- [Exercise aim]: Among the entries below, find the line with "Направляющие скрыт. монт." and the line with "Una vez que". Return exactly those lines and every line between them, but no pictures.

- [Data extract]:
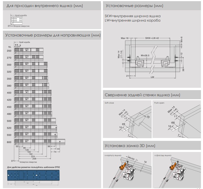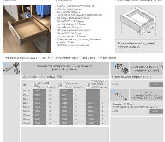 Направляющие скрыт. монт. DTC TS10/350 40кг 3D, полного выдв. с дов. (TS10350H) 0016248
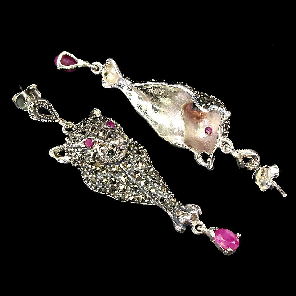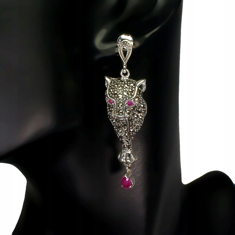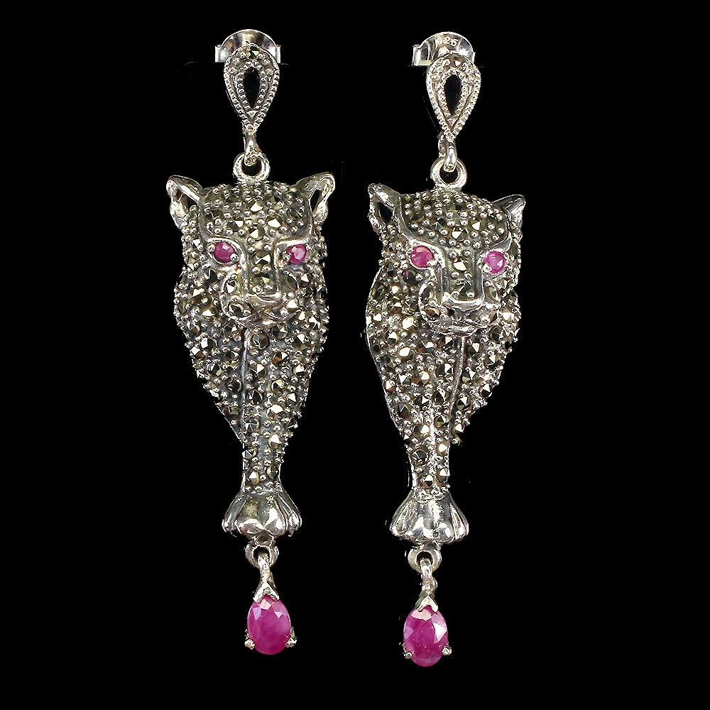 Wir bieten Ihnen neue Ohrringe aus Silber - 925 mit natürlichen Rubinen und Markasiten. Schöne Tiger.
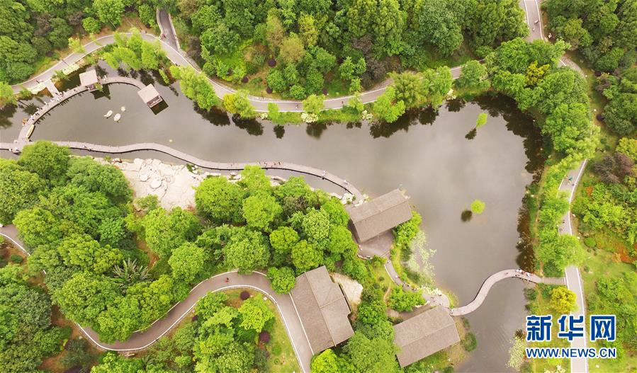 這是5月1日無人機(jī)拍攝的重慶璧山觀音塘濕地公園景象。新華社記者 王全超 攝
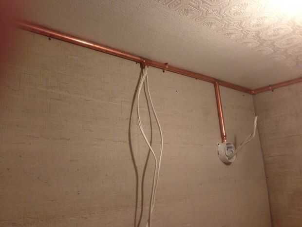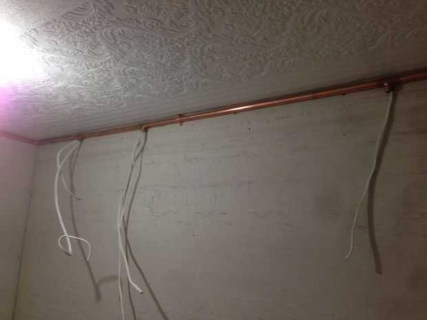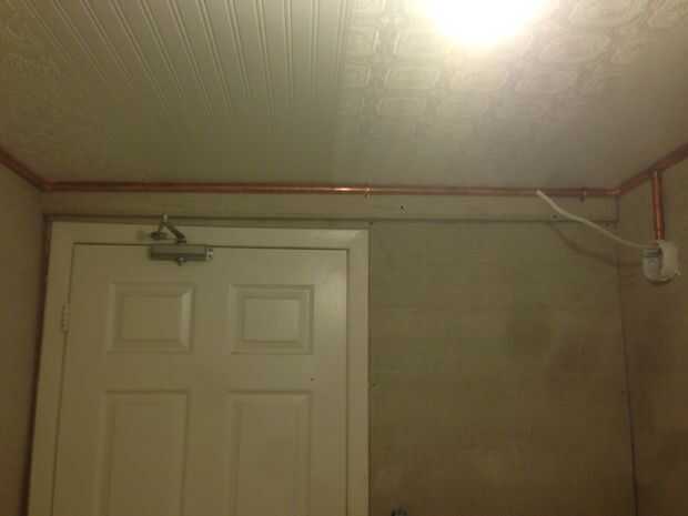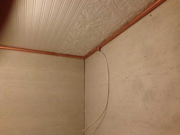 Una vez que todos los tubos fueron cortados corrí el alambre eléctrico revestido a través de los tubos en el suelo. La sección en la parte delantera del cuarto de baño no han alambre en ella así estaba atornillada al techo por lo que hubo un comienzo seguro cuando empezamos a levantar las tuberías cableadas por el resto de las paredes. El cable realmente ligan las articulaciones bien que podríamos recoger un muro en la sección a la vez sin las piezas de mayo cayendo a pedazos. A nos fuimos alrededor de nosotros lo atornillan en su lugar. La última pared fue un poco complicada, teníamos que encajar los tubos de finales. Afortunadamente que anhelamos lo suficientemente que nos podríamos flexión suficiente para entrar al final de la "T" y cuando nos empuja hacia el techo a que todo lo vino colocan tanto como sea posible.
--
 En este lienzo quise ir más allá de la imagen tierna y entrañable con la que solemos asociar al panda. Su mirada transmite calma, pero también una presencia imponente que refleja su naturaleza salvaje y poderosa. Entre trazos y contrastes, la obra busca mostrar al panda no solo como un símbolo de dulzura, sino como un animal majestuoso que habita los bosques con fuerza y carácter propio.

- [Completed exercise]:
 Направляющие скрыт. монт. DTC TS10/350 40кг 3D, полного выдв. с дов. (TS10350H) 0016248
 Wir bieten Ihnen neue Ohrringe aus Silber - 925 mit natürlichen Rubinen und Markasiten. Schöne Tiger.
 這是5月1日無人機(jī)拍攝的重慶璧山觀音塘濕地公園景象。新華社記者 王全超 攝
 Una vez que todos los tubos fueron cortados corrí el alambre eléctrico revestido a través de los tubos en el suelo. La sección en la parte delantera del cuarto de baño no han alambre en ella así estaba atornillada al techo por lo que hubo un comienzo seguro cuando empezamos a levantar las tuberías cableadas por el resto de las paredes. El cable realmente ligan las articulaciones bien que podríamos recoger un muro en la sección a la vez sin las piezas de mayo cayendo a pedazos. A nos fuimos alrededor de nosotros lo atornillan en su lugar. La última pared fue un poco complicada, teníamos que encajar los tubos de finales. Afortunadamente que anhelamos lo suficientemente que nos podríamos flexión suficiente para entrar al final de la "T" y cuando nos empuja hacia el techo a que todo lo vino colocan tanto como sea posible.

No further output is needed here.